Ohio’s E-Verify Workforce Integrity Act, effective March 19, 2026, requires all nonresidential construction companies, subcontractors, and labor brokers to use E-Verify to confirm employee work eligibility on projects across the state. The law applies regardless of company size and carries financial penalties and potential restrictions on future state contracts for noncompliance. Some uncertainty remains around requirements for existing employees, making early compliance planning important.

DOT Non-Domiciled CDL Rule

A new rule from the Federal Motor Carrier Safety Administration (FMCSA) will significantly narrow eligibility for non-domiciled Commercial Driver’s Licenses (CDLs) beginning March 16, 2026. The rule limits eligibility to holders of H-2A, H-2B, and E-2 visas and eliminates Employment Authorization Documents (EADs) as qualifying proof of work authorization. As a result, many lawfully present and work-authorized immigrants, including refugees, asylees, DACA recipients, and Temporary Protected Status holders, will no longer be able to obtain or renew a non-domiciled CDL. The change is expected to affect roughly 194,000 drivers nationwide and has prompted multiple legal challenges, including a pending emergency stay request before the United States Court of Appeals for the District of Columbia Circuit.

FinCEN Residential Real Estate Reporting Rule Now in Effect

FinCEN’s new Residential Real Estate Reporting Rule, effective March 1, 2026, requires certain real estate transfers to be reported to combat financial crimes. Transfers of residential property to entities or trusts without financing may require a Real Estate Report.

Department of Education Proposes Redefinition of “Professional Degree,” Excluding Nursing and Limiting Graduate Loan Borrowing

The U.S. Department of Education has issued a Notice of Proposed Rulemaking that would redefine “professional degree” programs under the One Big Beautiful Bill Act. The proposal excludes nursing from the recognized list and would impose new borrowing limits for graduate students while eliminating the Grad PLUS program. Public comments are due by March 2, 2026.

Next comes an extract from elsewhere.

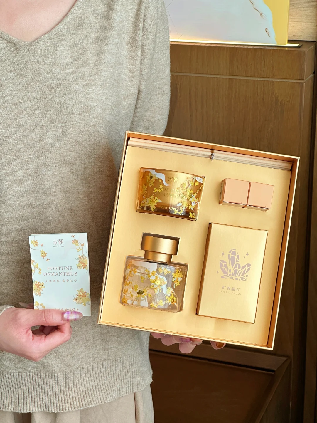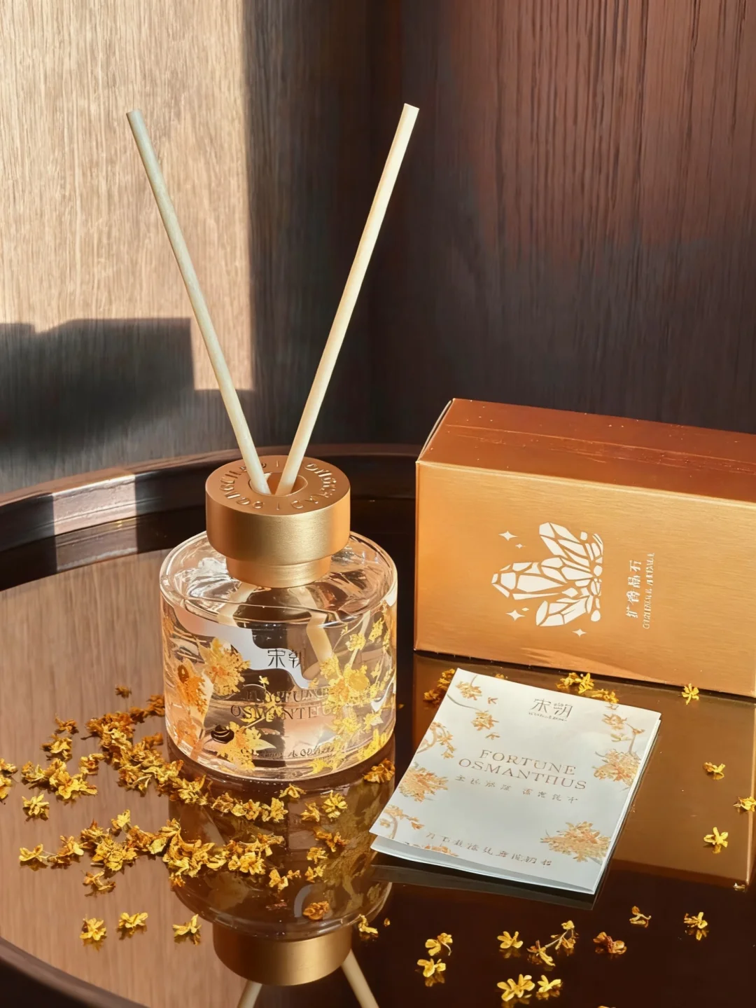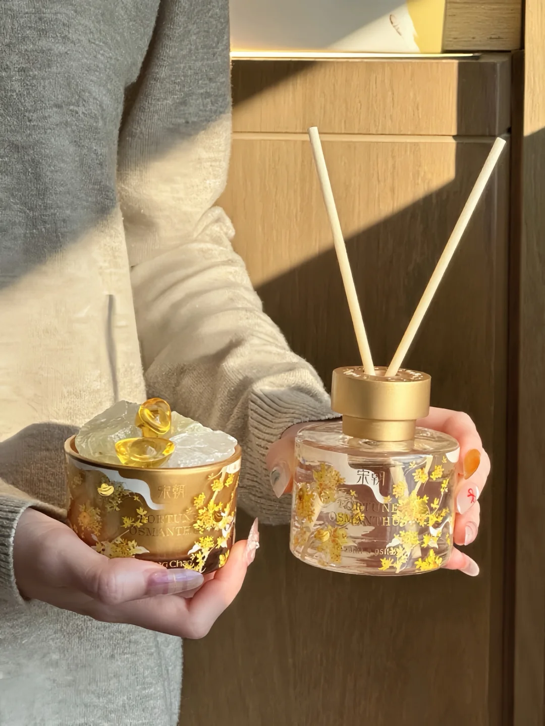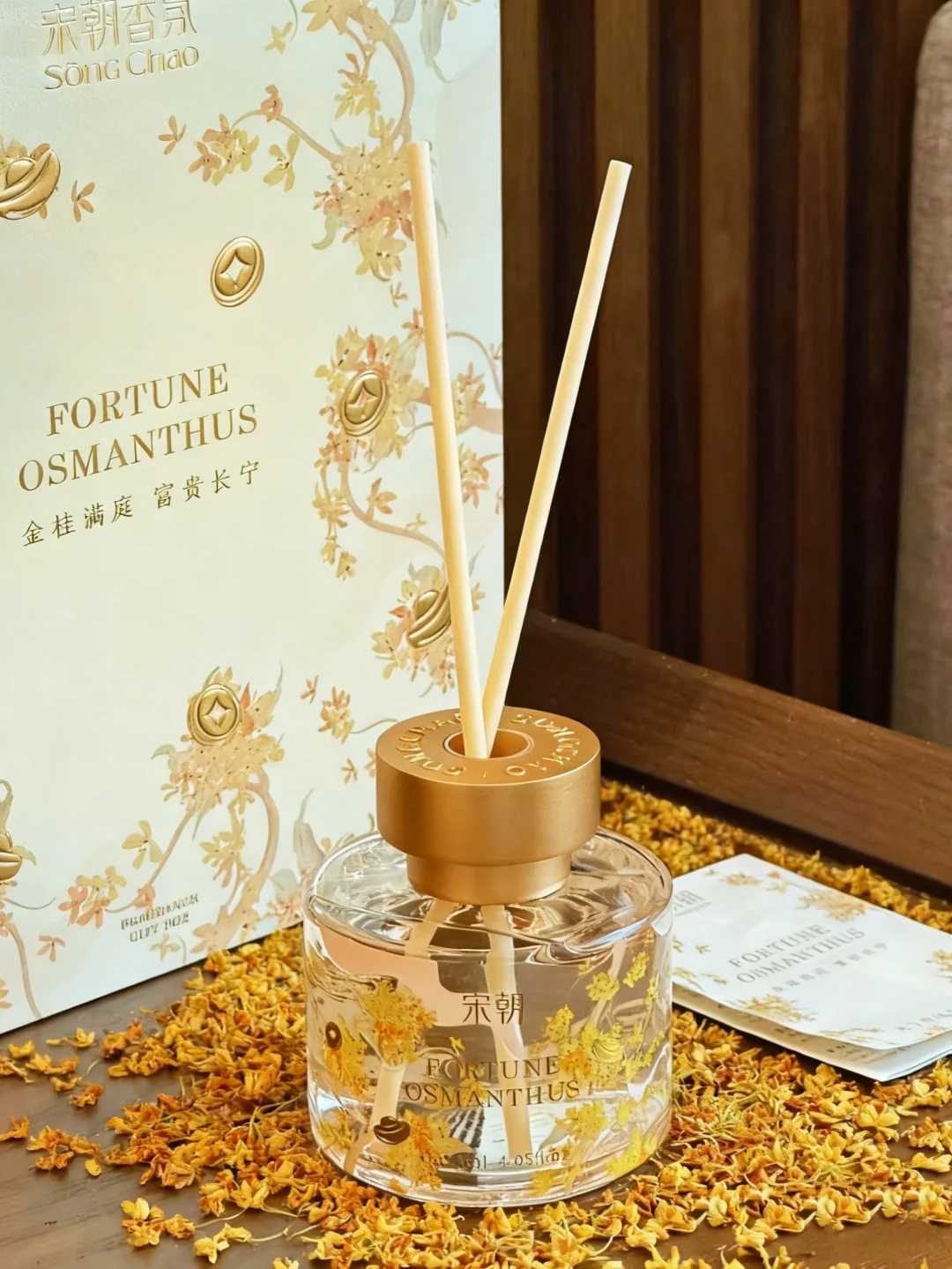 俺的嫡长闺也泰会挑礼物了吧!! 宋朝这个月下赴桂香薰礼盒 礼盒名为“赴桂”寓意着“富贵” 是无火香薰+扩香石的组合 扩香石里有黄白水晶和两颗琉璃元宝 香薰的瓶身上也都是烫金元宝+铜钱纹的设计~ 摆在家里简直贵气满满~ - 打开香薰浓郁又不失淡雅的桂花香扑鼻而来 像是正站在一颗盛开的桂花树下 微风拂过飘零的桂花带着香味 清甜得恰到好处!超级治愈~ - 秋天最不能错过的,就是那一抹桂花香 把整个秋天的桂花香都装进家里啦~ 寓意好又实用滴礼物谁能拒绝呢😍 中秋送给长辈也很合适哦

First-of-Its-Kind Federal Ruling Finds Use of Consumer AI Tool May Destroy Attorney-Client Privilege

On February 10, 2026, Judge Jed Rakoff of the U.S. District Court for the Southern District of New York issued a first-of-its-kind ruling finding that documents generated by a criminal defendant using a consumer AI platform were not protected by attorney-client privilege after being shared with counsel. The court treated the AI tool as a third party, concluding that entering sensitive information into a publicly available platform may waive confidentiality. The ruling also suggests that the work product doctrine may not apply where AI-generated materials are created independently by a client rather than at counsel’s direction. The decision signals that parties should exercise caution when using consumer AI tools in connection with legal matters.